The Netherlands finally decided also.

http://www.cbc.ca/story/world/national/2006/02/02/20060202-dutchvote.html

Dutch legislators OK sending troops to Afghanistan
Last Updated Thu, 02 Feb 2006 18:42:52 EST 
CBC News
The Dutch parliament voted Thursday to follow through on its commitment to send up to 1,400 soldiers to troubled southern Afghanistan. 


INDEPTH: Afghanistan

The lengthy parliamentary debate took place in front of standing-room only crowds, as legislators argued the merits of the Afghan mission to Uruzgan. 

It is a turbulent region where U.S. troops and Afghan government forces have come under repeated attacks from insurgents. In January, Canadian diploma Glyn Berry was killed and three Canadian soldiers were injured in a bombing attack. 

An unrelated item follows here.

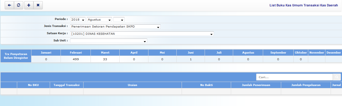 • Pilih Modul Kasda > Pembukuan > Buku Kas Umum Pilih tanggal periode, satuan kerja, sub unit bila ada * Pilih jenis transaksi Penerimaan Setoran Pendapatan SKPD, pilih Satker dan sub unit bila ada :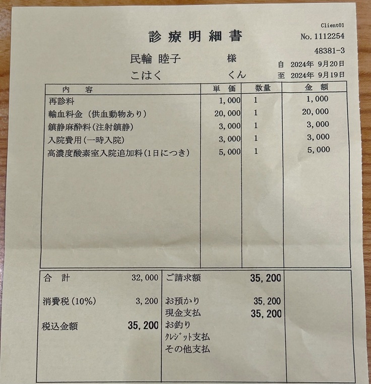 輸血しなければ時間の問題と言われていた私達には選択肢がなく、そして琥珀の生命力を信じて輸血をお願いしました。

Dutch critics said any attempt to rebuild the area is doomed to failure, while others said the Dutch have an obligation to NATO. Public opinion in the Netherlands is evenly divided. 

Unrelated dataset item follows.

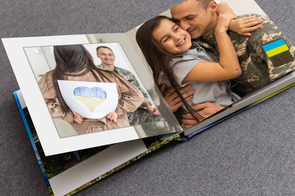 618640320 Family photos archive saved in brightly designed photo book bright summer memories placed in the photobook. family with flag of ukraine"

"The mission has been called a reconstruction mission, but in reality it is a fighting mission," Farah Karimi of the Green Left party said Thursday. "If the Americans were unable to do any reconstruction, why would we be more successful?" 

Observers say the spectre of Srebrenica lurked over the debate. Eleven years ago, 7,000 Bosnian Muslim men were killed by Bosnian Serbs while Dutch peacekeepers, under-equipped and with no clear mission, did nothing. 

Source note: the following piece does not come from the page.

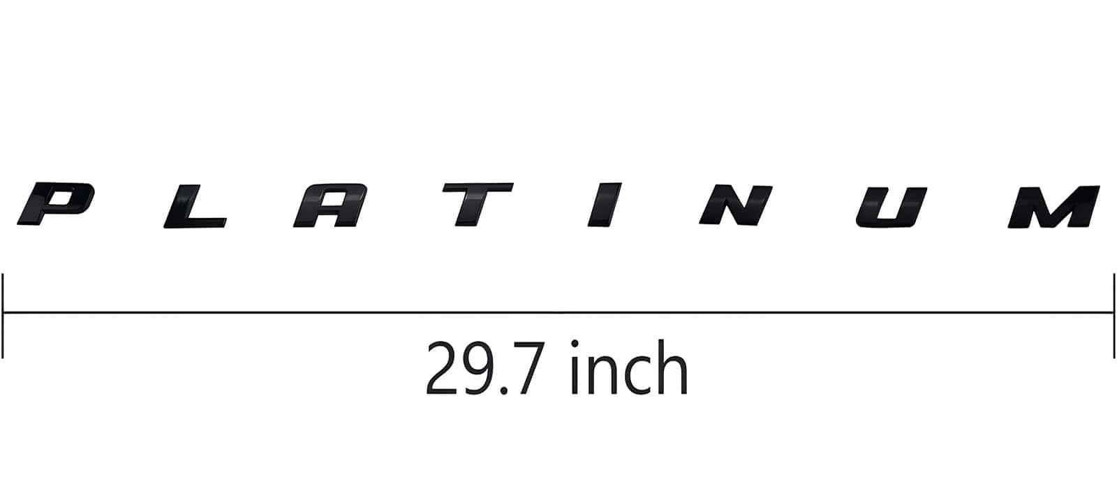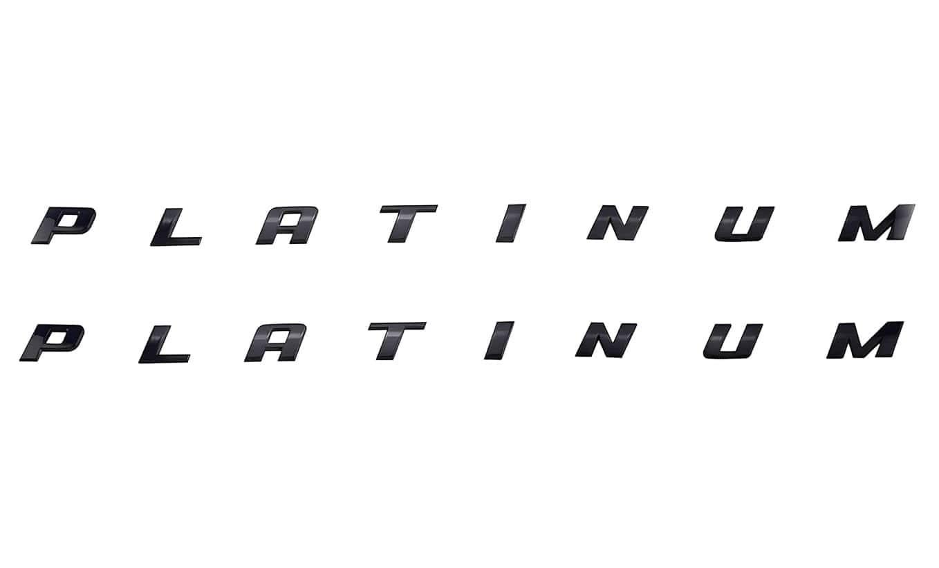 2 Pack Emblemas Laterales PLATINUM 3D Letras con Adhesivos Pegatinas Nombre (Negro Brillante). Hecho con material de ABS de alta calidad, este emblema está diseñado para durar años, siendo resistente a la intemperie y autoadhesivo. El paquete incluye 2 unidades para ambos lados de su vehículo. Su diseño elegante añadirá un toque de estilo a su automóvil.

Defenders of the Afghan mission say it won't happen this time. 

Despite groups of vocal protesters gathered outside, lawmakers ultimately agreed the country's troops would join Canadian and British forces. 

Prime Minister Jan Peter Balkenende's government was able to approve the troop deployment after its main rival, the opposition Labour party, earlier this week decided to support the proposal. 

Defence Minister Henk Kamp said an advance team would likely leave for Uruzgan on March 1, while the main contingent would be deployed Aug. 1. That's two months later than originally scheduled. 

NATO previously said it would go ahead with the mission even if parliament in The Hague vetoed Dutch involvement.


----------



## big bad john (2 Feb 2006)

http://www.dailytimes.com.pk/default.asp?page=2006%5C02%5C03%5Cstory_3-2-2006_pg4_14


Danish govt okays more Afghan troops

* Afghan FM hopes Netherlands will approve sending more troops

COPENHAGEN/ PRAGUE: Denmark’s parliament on Thursday decided to send 200 more troops to the NATO-led international force in Afghanistan. 

The troops are to leave in May or June and will be based in Afghanistan’s troubled south, where NATO will take over peacekeeping from US forces. 

The parliament approved the move by 107 votes in favour to 10 against, with 62 members absent. NATO-member Denmark currently has 160 soldiers based in the Afghan capital Kabul. 

Meanwhile, the upper chamber of Czech parliament on Thursday approved the deployment of troops to Afghanistan. 

Of the 68 lawmakers present in the 81-seat Senate, 65 voted in favour of the move, one was against and two abstained. 

If approved by the parliament’s lower chamber, up to 120 troops will join the US-led operation against Al Qaeda and Taliban fighters in Afghanistan. 

The lower chamber of the parliament is scheduled to discuss the deployment on Friday. 

The Czech Republic currently has 61 soldiers in Afghanistan as part of the NATO-led peacekeeping force. 

Meanwhile, Afghan Foreign Minister Abdullah Abdullah said he was hopeful the Dutch parliament would approve the dispatch of 1,400 additional troops to Afghanistan’s restive south.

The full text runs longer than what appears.